On "Real-time search of all bacterial and viral genomic data"

← Back to Kevin's homepagePublished: 2018 Jan 5

Josh Batson recommended “Real-time search of all bacterial and viral genomic data” to me because of my interest in search as part of Finda.

These are my notes from a read-through of the paper then some exploration / rough analysis of alternative implementation ideas.

Update: Phelim Bradley (the paper’s first author) kindly answered many of my questions on Twitter.

Paper notes

The main contribution of the paper seems to be a “bitsliced signature”-based approach, which represents each of the $N$ sequences as a bloom filter of length $m$ and bounds the diversity of the k-mers using $\eta$ hash functions (which map k-mers to $1..m$).

To index a new sequence: construct all unique k-mers in that sequence, map all of them under the hash functions, and set the resulting bits to make a bloom filter.

To retrieve sequences matching some query sequence: construct all unique k-mers in the query, map them under the hash functions, and find all bloom filters that have the same bits set (or within some difference, if inexact matches are okay).

This retrieval can be speed up by thinking of the bloom filters as “columns” in a matrix of $m$ rows and scanning over the relevant rows (i.e., the ones corresponding to the hashed query k-mers) rather than scanning column-by-column and taking the intersection of each column with the query bloom filter.

(This “bitsliced signature” technique was known before this paper, but fell out of favor in human language search applications because inverted indexes worked better. See also this paper about signatures-search at Bing, which provides a nice overview with more math and pictures.)

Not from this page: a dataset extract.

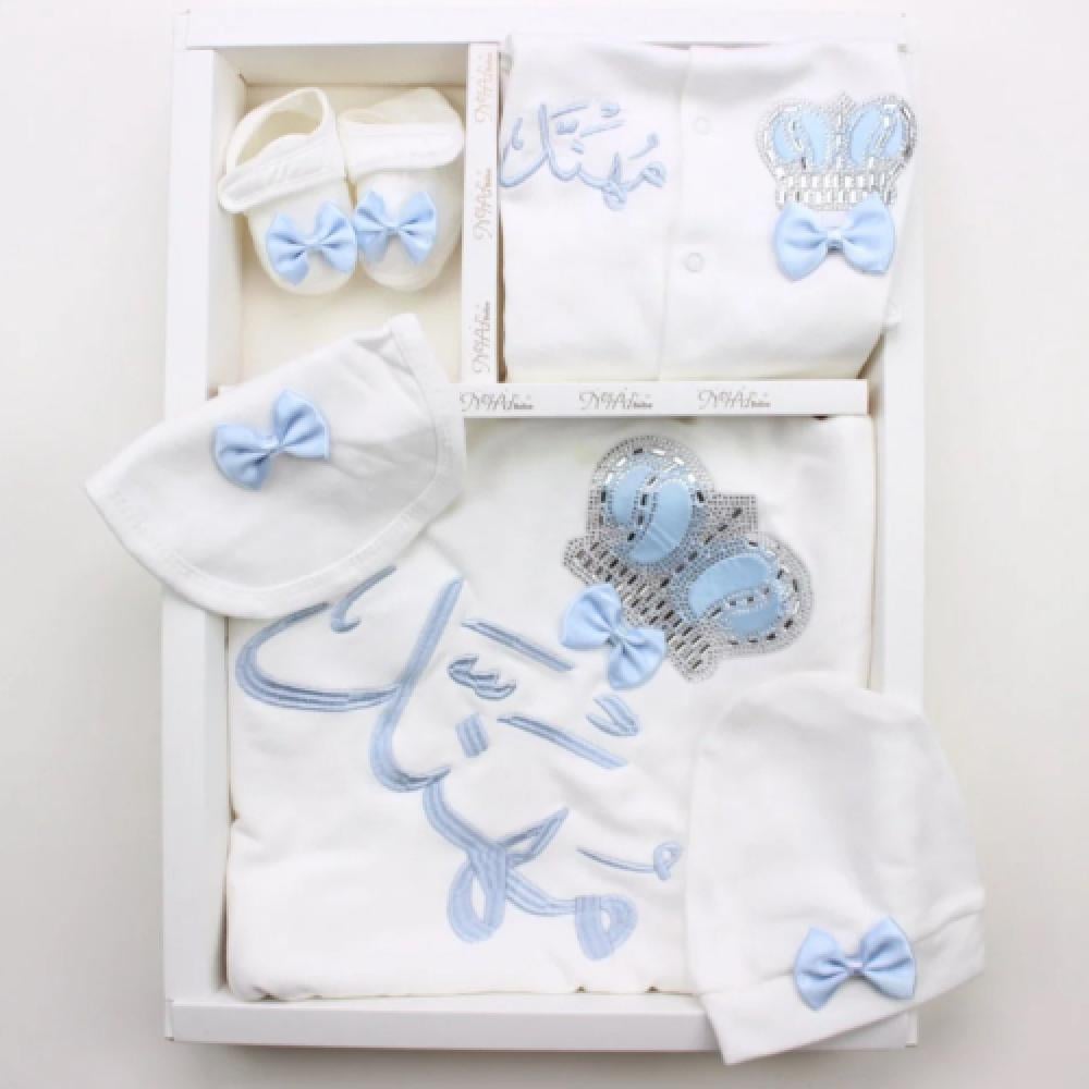 طقم مواليد تاج سماوي 5 قطع أنيق وجميل

The authors implemented their system with two backends: BerkeleyDB (on disk key/value store) and Redis (in-memory key/value store, running on 3TB of RAM). Source code is on Github and is about 5,000 lines of Python.

Questions

Potential improvement via compressed bitmaps?

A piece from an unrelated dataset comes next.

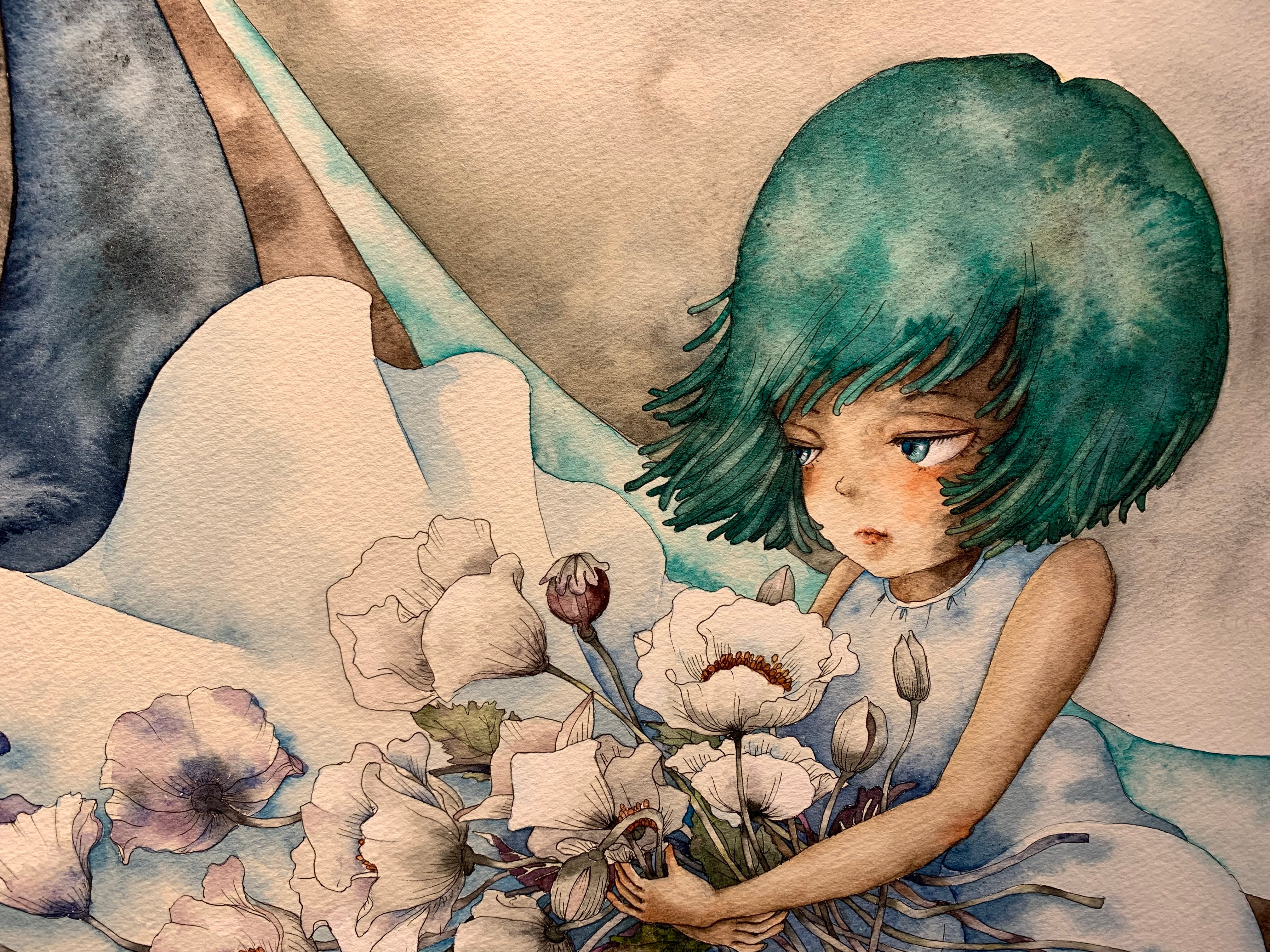 新家智子「So.Ma.Ru」53×73cm パネルに和紙、透明水彩

The “signature” method compresses the huge space of $4^k$ possible k-mers down to $2^m$ possible bit vectors. The space required for the index is $mN$ bits ($m$ bits for each of the $N$ sequences).

The authors choose $m = 25,000,000$, so each sample needs about ~3MB of storage (thus, 1.5 TB of RAM to support real time search of 500,000 samples).

If this vector isn’t that dense, then it could be losslessly compressed with something like Roaring Bitmaps, which might greatly decrease the storage requirements of this method.

What’s a ballpark estimate for the bit vector density?

For a given sequence of length $n$, the number of set bits is proportional to:

Assuming the hash functions map k-mers uniformly to $1..m$, the problem is similar to drawing balls with replacement: After $r$ draws (hashed k-mers), how many unique balls $y$ do we expect to have seen (how many bits were set)?

$$y = m - \frac{(m-1)^r}{m^{r-1}}$$

(see explanation)

Dividing by the length of the vector $m$ to get a proportion, $\alpha$:

$$\alpha = 1 - (1 - \frac{1}{m})^r$$

According to this paper, bacterial genomes look to be somewhere around 2–6 million bases long. So, between friends, calling that $10^7$ bases, throwing out the factor of $\eta$, and taking a power series expansion of the second term, $(1 + x)^a \approx 1 + ax$, we have:

$$ \begin{align} \alpha &\approx 1 - (1 - \frac{10^7}{28,755,176}) \newline &\approx 1/3 \end{align} $$

So it looks like these bitvectors may not actually be that sparse.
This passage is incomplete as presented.